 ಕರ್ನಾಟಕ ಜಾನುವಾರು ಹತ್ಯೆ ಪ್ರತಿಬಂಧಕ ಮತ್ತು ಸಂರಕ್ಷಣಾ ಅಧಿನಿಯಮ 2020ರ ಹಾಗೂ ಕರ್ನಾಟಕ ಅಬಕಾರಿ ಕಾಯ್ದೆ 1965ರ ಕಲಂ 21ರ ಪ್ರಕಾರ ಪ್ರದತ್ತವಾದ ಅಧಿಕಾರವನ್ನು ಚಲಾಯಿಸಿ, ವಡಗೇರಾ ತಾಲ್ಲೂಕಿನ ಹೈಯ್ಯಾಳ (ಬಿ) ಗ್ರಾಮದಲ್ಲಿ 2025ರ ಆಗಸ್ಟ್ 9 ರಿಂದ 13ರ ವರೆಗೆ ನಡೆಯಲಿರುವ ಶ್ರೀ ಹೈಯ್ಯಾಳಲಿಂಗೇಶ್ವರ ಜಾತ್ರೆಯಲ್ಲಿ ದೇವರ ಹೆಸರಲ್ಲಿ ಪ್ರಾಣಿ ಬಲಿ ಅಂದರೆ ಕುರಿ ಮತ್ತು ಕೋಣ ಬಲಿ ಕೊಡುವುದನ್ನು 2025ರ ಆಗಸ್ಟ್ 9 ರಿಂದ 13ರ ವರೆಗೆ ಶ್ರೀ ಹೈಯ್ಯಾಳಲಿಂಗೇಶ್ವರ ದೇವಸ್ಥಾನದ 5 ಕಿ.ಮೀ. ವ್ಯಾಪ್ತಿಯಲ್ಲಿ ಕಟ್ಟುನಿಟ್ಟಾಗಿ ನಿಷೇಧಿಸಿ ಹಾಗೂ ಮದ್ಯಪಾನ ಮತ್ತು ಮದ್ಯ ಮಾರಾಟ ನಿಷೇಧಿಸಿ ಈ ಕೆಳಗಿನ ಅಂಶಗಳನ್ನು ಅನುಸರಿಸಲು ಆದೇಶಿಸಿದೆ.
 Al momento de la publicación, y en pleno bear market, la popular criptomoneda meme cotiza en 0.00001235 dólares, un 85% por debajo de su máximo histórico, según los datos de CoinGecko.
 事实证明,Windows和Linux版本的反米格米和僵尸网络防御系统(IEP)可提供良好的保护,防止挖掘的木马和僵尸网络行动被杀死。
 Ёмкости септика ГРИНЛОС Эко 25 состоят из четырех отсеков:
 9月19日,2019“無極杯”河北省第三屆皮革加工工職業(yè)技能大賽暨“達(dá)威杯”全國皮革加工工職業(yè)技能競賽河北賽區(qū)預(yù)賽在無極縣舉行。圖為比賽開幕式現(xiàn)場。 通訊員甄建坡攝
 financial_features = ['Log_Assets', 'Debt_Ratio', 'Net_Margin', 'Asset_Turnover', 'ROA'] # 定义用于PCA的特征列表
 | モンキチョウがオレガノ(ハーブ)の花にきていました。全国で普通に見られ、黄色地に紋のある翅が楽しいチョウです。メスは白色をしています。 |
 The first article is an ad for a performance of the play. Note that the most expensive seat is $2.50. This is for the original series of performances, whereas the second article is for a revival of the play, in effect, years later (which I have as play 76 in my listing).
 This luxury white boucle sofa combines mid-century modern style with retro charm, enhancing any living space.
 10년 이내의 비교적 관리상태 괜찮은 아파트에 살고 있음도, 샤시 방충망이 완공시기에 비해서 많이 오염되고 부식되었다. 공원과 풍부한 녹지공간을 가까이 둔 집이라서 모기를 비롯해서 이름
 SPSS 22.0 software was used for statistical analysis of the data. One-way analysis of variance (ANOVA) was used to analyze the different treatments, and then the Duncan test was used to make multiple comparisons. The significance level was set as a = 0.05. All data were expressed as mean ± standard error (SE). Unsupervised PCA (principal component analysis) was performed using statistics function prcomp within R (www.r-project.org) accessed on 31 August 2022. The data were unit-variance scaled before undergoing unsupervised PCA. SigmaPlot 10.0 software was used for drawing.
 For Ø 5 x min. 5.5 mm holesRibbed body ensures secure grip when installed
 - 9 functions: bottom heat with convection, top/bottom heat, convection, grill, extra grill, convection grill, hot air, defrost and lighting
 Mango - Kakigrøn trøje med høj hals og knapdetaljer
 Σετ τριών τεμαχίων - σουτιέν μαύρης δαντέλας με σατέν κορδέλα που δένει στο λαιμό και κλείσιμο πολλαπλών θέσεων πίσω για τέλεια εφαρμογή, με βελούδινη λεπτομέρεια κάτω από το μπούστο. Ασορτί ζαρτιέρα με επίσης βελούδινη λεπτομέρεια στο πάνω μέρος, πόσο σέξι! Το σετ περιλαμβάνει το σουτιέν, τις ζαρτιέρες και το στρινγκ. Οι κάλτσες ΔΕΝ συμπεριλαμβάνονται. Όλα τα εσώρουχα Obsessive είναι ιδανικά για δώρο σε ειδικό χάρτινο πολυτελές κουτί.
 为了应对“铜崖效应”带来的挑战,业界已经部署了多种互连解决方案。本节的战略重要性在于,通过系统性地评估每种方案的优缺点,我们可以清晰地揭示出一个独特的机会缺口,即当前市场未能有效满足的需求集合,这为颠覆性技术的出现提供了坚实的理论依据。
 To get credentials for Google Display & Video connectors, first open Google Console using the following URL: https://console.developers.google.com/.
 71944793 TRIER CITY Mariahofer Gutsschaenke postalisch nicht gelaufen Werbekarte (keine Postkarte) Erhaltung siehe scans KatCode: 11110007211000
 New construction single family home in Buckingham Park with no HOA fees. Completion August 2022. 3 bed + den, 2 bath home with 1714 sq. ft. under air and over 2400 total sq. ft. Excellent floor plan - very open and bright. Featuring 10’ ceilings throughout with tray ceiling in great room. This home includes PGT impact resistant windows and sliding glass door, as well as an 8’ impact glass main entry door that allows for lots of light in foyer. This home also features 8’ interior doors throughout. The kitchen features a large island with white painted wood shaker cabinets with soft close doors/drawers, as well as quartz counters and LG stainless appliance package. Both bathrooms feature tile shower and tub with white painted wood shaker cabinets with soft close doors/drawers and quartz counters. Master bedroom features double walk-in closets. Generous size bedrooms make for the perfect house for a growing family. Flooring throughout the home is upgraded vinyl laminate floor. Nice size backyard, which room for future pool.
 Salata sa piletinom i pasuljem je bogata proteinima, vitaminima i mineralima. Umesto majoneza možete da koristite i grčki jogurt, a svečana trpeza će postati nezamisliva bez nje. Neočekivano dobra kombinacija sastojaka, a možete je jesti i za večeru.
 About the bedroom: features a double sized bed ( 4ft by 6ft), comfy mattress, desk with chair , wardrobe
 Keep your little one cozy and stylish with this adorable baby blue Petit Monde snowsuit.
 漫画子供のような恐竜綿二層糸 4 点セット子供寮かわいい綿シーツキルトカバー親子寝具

Requirement: Repeat, exactly and only, the lines from the beginning of the material through the line that contains "10년 이내의 비교적".

Response to this task:
 ಕರ್ನಾಟಕ ಜಾನುವಾರು ಹತ್ಯೆ ಪ್ರತಿಬಂಧಕ ಮತ್ತು ಸಂರಕ್ಷಣಾ ಅಧಿನಿಯಮ 2020ರ ಹಾಗೂ ಕರ್ನಾಟಕ ಅಬಕಾರಿ ಕಾಯ್ದೆ 1965ರ ಕಲಂ 21ರ ಪ್ರಕಾರ ಪ್ರದತ್ತವಾದ ಅಧಿಕಾರವನ್ನು ಚಲಾಯಿಸಿ, ವಡಗೇರಾ ತಾಲ್ಲೂಕಿನ ಹೈಯ್ಯಾಳ (ಬಿ) ಗ್ರಾಮದಲ್ಲಿ 2025ರ ಆಗಸ್ಟ್ 9 ರಿಂದ 13ರ ವರೆಗೆ ನಡೆಯಲಿರುವ ಶ್ರೀ ಹೈಯ್ಯಾಳಲಿಂಗೇಶ್ವರ ಜಾತ್ರೆಯಲ್ಲಿ ದೇವರ ಹೆಸರಲ್ಲಿ ಪ್ರಾಣಿ ಬಲಿ ಅಂದರೆ ಕುರಿ ಮತ್ತು ಕೋಣ ಬಲಿ ಕೊಡುವುದನ್ನು 2025ರ ಆಗಸ್ಟ್ 9 ರಿಂದ 13ರ ವರೆಗೆ ಶ್ರೀ ಹೈಯ್ಯಾಳಲಿಂಗೇಶ್ವರ ದೇವಸ್ಥಾನದ 5 ಕಿ.ಮೀ. ವ್ಯಾಪ್ತಿಯಲ್ಲಿ ಕಟ್ಟುನಿಟ್ಟಾಗಿ ನಿಷೇಧಿಸಿ ಹಾಗೂ ಮದ್ಯಪಾನ ಮತ್ತು ಮದ್ಯ ಮಾರಾಟ ನಿಷೇಧಿಸಿ ಈ ಕೆಳಗಿನ ಅಂಶಗಳನ್ನು ಅನುಸರಿಸಲು ಆದೇಶಿಸಿದೆ.
 Al momento de la publicación, y en pleno bear market, la popular criptomoneda meme cotiza en 0.00001235 dólares, un 85% por debajo de su máximo histórico, según los datos de CoinGecko.
 事实证明,Windows和Linux版本的反米格米和僵尸网络防御系统(IEP)可提供良好的保护,防止挖掘的木马和僵尸网络行动被杀死。
 Ёмкости септика ГРИНЛОС Эко 25 состоят из четырех отсеков:
 9月19日,2019“無極杯”河北省第三屆皮革加工工職業(yè)技能大賽暨“達(dá)威杯”全國皮革加工工職業(yè)技能競賽河北賽區(qū)預(yù)賽在無極縣舉行。圖為比賽開幕式現(xiàn)場。 通訊員甄建坡攝
 financial_features = ['Log_Assets', 'Debt_Ratio', 'Net_Margin', 'Asset_Turnover', 'ROA'] # 定义用于PCA的特征列表
 | モンキチョウがオレガノ(ハーブ)の花にきていました。全国で普通に見られ、黄色地に紋のある翅が楽しいチョウです。メスは白色をしています。 |
 The first article is an ad for a performance of the play. Note that the most expensive seat is $2.50. This is for the original series of performances, whereas the second article is for a revival of the play, in effect, years later (which I have as play 76 in my listing).
 This luxury white boucle sofa combines mid-century modern style with retro charm, enhancing any living space.
 10년 이내의 비교적 관리상태 괜찮은 아파트에 살고 있음도, 샤시 방충망이 완공시기에 비해서 많이 오염되고 부식되었다. 공원과 풍부한 녹지공간을 가까이 둔 집이라서 모기를 비롯해서 이름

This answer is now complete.